Peki bunu nasıl yapmalı?
Komutan “terk emri” verirse, personel turuncu can yelekleriyle güvertede toplanacak, havadaki uçaklara hedef olacak.
Beklenirse geminin infilâk riski var.
Komutan kararını açıklıyor:
“Uçaklar gidene kadar bekleyeceğiz. Onlar ortadan kaybolduktan sonra gemiyi terk düzenine geçilecek.”
İnşallah o vakte kadar infilâk etmez Kocatepe.
Bekliyoruz.
Zaman gelince, komutan geminin köprü üzerinden “terk işlemini” başlatıyor.
Personel sallara biniyor, Kocatepe terk ediliyor.
Köprüde komutan, muhabere subayı ve seyir astsubayı kalıyor sadece.
Bir de ben.
Görünmez, sessiz, hayal bedenimle...
Muhabere subayı Necati Gürkaya, seyyar telsiz cihazını almış, bir naylon torbaya koymuş boynuna bağlamış, şişirmeli can yeleğini de giymiş.
Ama aceleyle daha can yeleğini şişirmeden atıveriyor kendini suya. Boynundaki telsizin ağırlığından batıp gidiyor...
Gözümün önünde.
Sonra arka arkaya seyir astsubayı ve komutan da atlıyorlar.
Kocatepe ile ben, denizin ortasında bir başımıza kalıveriyoruz.
Ona, Kocatepe’ye diyorum ki; “ben bu yalnızlığı asırlardır yaşarım. Sakın ha korkma.”

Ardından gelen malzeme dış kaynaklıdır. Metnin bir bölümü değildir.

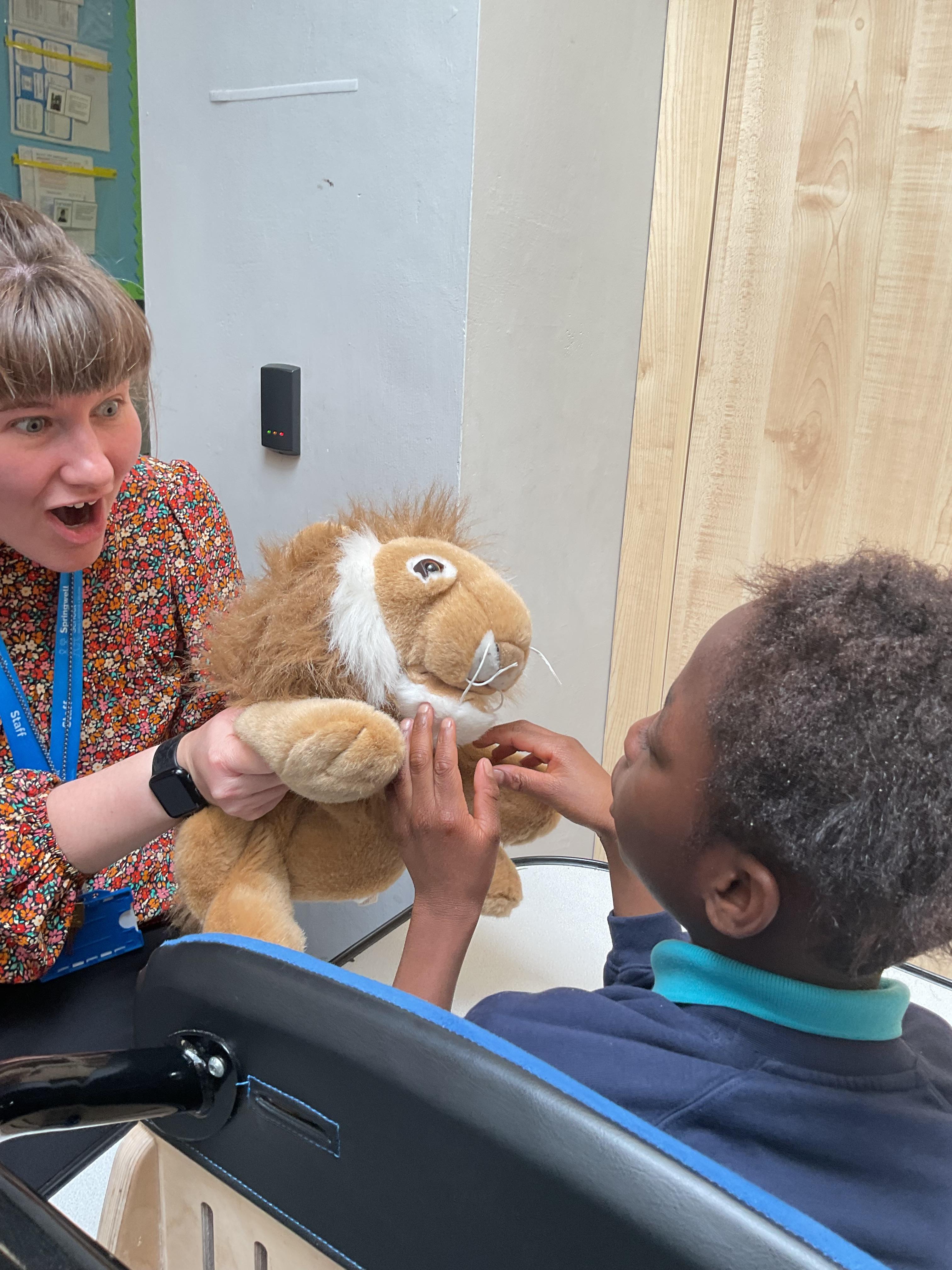 What an amazing week for Zebra Class! We have worked very hard this week and have particularly enjoyed the sunshine we have had! Our focus has been on our new sensory story, “Panda Bear, Panda Bear, What do you see?”. In literacy, we listened very carefully and explored the different animals featured in the story. Linking with our new story in cookery, we improved our cutting skills by making our own bears made from fruit, we were lucky enough to eat them afterwards! On Wednesday, all the children had lots of fun in our class assembly, showing all our parents and carers all the hard work we have been working on. Our assembly was based on “The Gruffalo”, we went on a sensory walk, made Gruffalo pictures and masks and tried some yummy food. Zebras have also been individually working hard completing their work box activities, everyone has completed lots of fine motor work, puzzles and matching activities. We enjoyed getting out and about in the community, practising walking on reins. In PSHRE, we finished the week getting out into the community with a bus trip to Elwick Park. Children developed their gross motor skills by running, jumping and climbing. They also practised waiting their turn on all the equipment with their friends.

Bana diyor ki; “Nesinden korkacağım... Ben bir çelik yığınıyım, böyla kalsam ne olur, batsam ne? Ama batacaksam hemen şimdi gömüleyim suya, belki Necati’yi bulurum çok dibe gitmeden, belki kurtulur o genç.”
Diyorum ki; “Artık zor Necati’ye ulaşmak. Onu derinlerde uykuya bırak.”
Diyor ki; “Şimdi su soğuktur; öyleyse hemen aleve durmalıyım, hiç değilse onu sıcakta tutmalıyım.”
Birşey dememe fırsat vermeden alev alev yanıyor; alazlarıyla önce suyu, sonra derinlerdeki Necati’yi sarıyor...
Saat 21 sularıydı, bin bir parçaya bölünüp suya dalıyor.
Kocatepe hiç bilmiyor, çelik bedenini kalbura çeviren bu hava harekâtının parolasının “şenlik başladı” olduğunu, ama siz de onun derinlerde Dumlupınar’la buluştuğunu bilmediniz...
Ben bildim bir tek.
Ben yandım.
Bazen, bazı gerçekleri bilen üç-beş kişiden olmak ne zordur bir bilseniz!
Ben bugün bu durumdayım.
Kocatepe battı...
Kocatepe’nin bir karışıklık sonucu “dost ateşi” ile battığı ise kamuoyuna henüz açıklanmadı.